Table 2 lists the dates of the six MesoVICT test cases. With the exception of number five, all cases cover multiple days, thereby giving us the opportunity to compare forecasts from the same model with different lead times. For the purpose of testing a new verification measure, this is convenient as it allows us to probe a wide range of error magnitudes and gives us a clear a priori expectation for which forecasts should, on average, be better than others. To take full advantage of this idea, we select those time steps for which three different forecasts from each of the two models are available. This leaves us with the last day of cases 1, 4, and 6 and the last two days of cases 2 and 3 (168 time steps in total). In the plots below, we will refer to the different forecasts as

  • BOLAM007_1, MOL00225_1 with lead times +13 h, …, +36 h,

  • BOLAM007_2, MOL00225_2 with lead times +37 h, …, +60 h, and

  • BOLAM007_3, MOL00225_3 with lead times +61 h, …, +84 h.

Table 2

Dates of the MesoVICT test cases with a list of dominant weather events and the number of time steps used in this study.

Table 2

An overview of the synoptic situations in the different case studies is given in Fig. 5. As an objective measure of the spatial structure of the resulting rain fields analyzed in VERA, we also consider the degree of anisotropy ρ, dominant spatial scale z (Buschow and Friederichs 2021), and total rain area in Fig. 6. Without discussing each case in detail, we observe that cases 1 and 6 have the weakest synoptic-scale forcing, leading to mostly isotropic structures across a relatively wide range of small and intermediate scales, covering roughly a quarter of the analysis domain—the precipitation fields are mostly convective. In contrast, cases 2 and 4 have anisotropic patterns with smaller areas. Here, the main precipitation regions are aligned along airmass boundaries and related convergence lines. Case 4 is smaller in scale, indicating a more prominent role of convection. Last, case 3 sees the strongest synoptic forcing from a cutoff low centered over Germany and a related Genoa cyclone, resulting in rain areas covering up to 40% of the domain with a large, anisotropic pattern.

Fig. 5.
Fig. 5.

Representative synoptic analyses adapted from the KNMI archive (https://www.knmi.nl/nederland-nu/klimatologie/daggegevens/weerkaarten) for (a)–(f) MesoVICT test cases 1–6. Blue ellipses schematically indicate the main precipitation regions within the MesoVICT domain. Case 5 is included for completeness but not used in this study.

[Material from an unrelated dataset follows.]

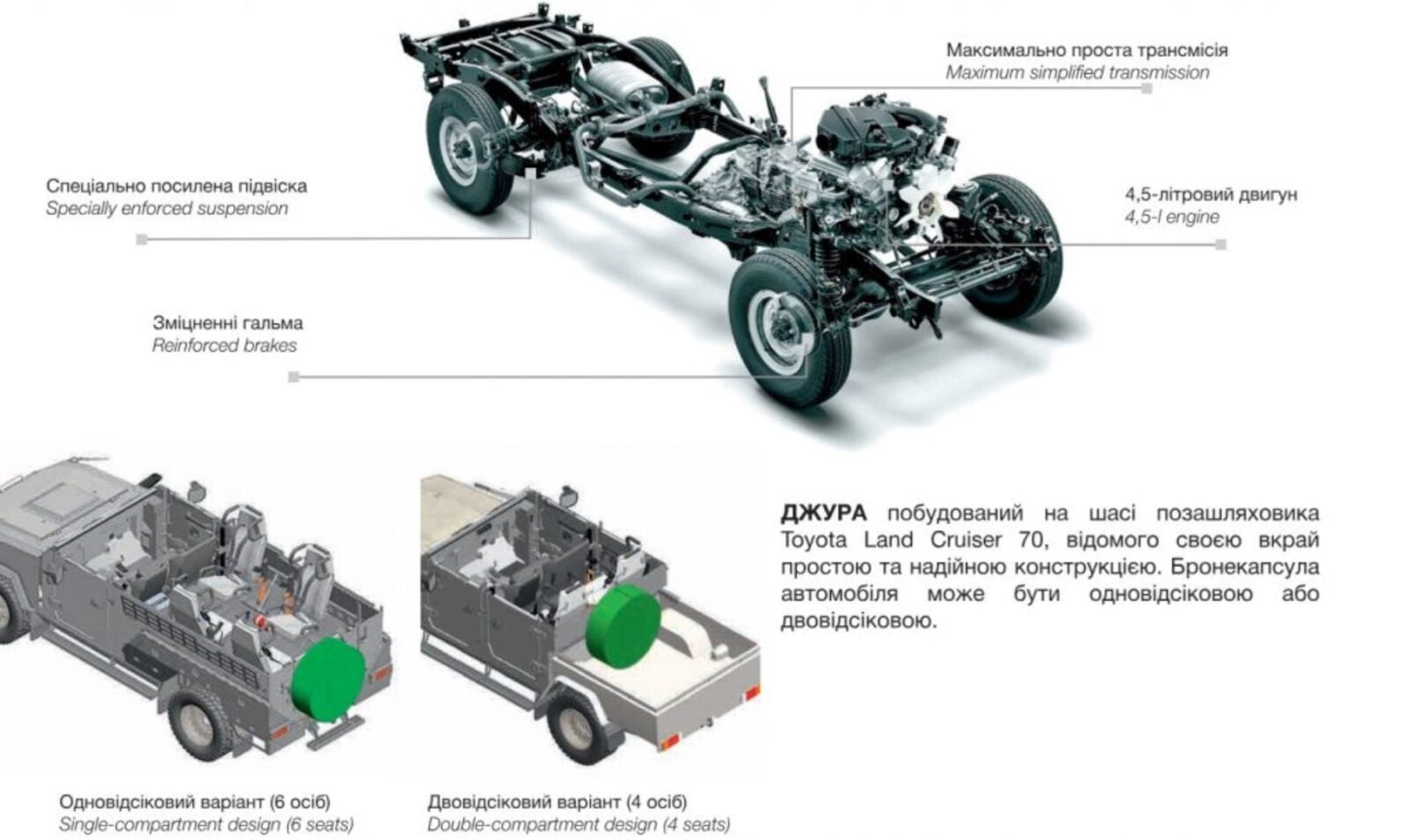 Ukraiński producent pojazdów opancerzonych, NVO „Praktyka”, po raz pierwszy zaprezentował właśnie swój lekki pojazd opancerzony o nazwie Dżura (Djura). Jest to pojazd taktyczny typu SUV, który został zbudowany na bazie cywilnego terenowego samochodu Toyota Land Cruiser 70. Nie można więc oczekiwać po nim fenomenalnych możliwości bojowych i rzeczywiście Dżura jest przeznaczona do wykonywania zadań o niskim ryzyku. Efekt? Może być używana głównie przez jednostki policji oraz siły specjalne do bardzo specyficznych akcji, w których nie oczekuje się znacznego oporu ze strony wrogów.

Citation: Weather and Forecasting 37, 6; 10.1175/WAF-D-21-0180.1

Fig. 6.
Fig. 6.

(left) Degree of anisotropy ρ, (center) central scale z, and (right) fraction of the domain with nonzero rain, all calculated from VERA data for the five cases considered in this study. Boxplots show the distribution over all time steps in each case.

Citation: Weather and Forecasting 37, 6; 10.1175/WAF-D-21-0180.1

6. Verification of the MesoVICT dataset

Based on the discussion above, we have a number of expectations for the outcome of the verification experiment:

  • Short range forecasts are likely better than those with longer lead times.

  • The synoptically driven case 3 should be the more predictable over longer time ranges than the others.

  • The convective cases 1 and 6 are likely the most difficult to predict.

Whether the highly resolved MOLOCH will perform better or worse than BOLAM is unclear a priori, especially because the VERA analysis has a relatively coarse internal resolution and therefore produces smooth fields that look more similar to BOLAM. Scores that are sensitive to the spatial structure of the fields might therefore prefer the coarser forecasts. The high-resolution model could nonetheless be superior in terms of precipitation locations, especially in convectively driven situations.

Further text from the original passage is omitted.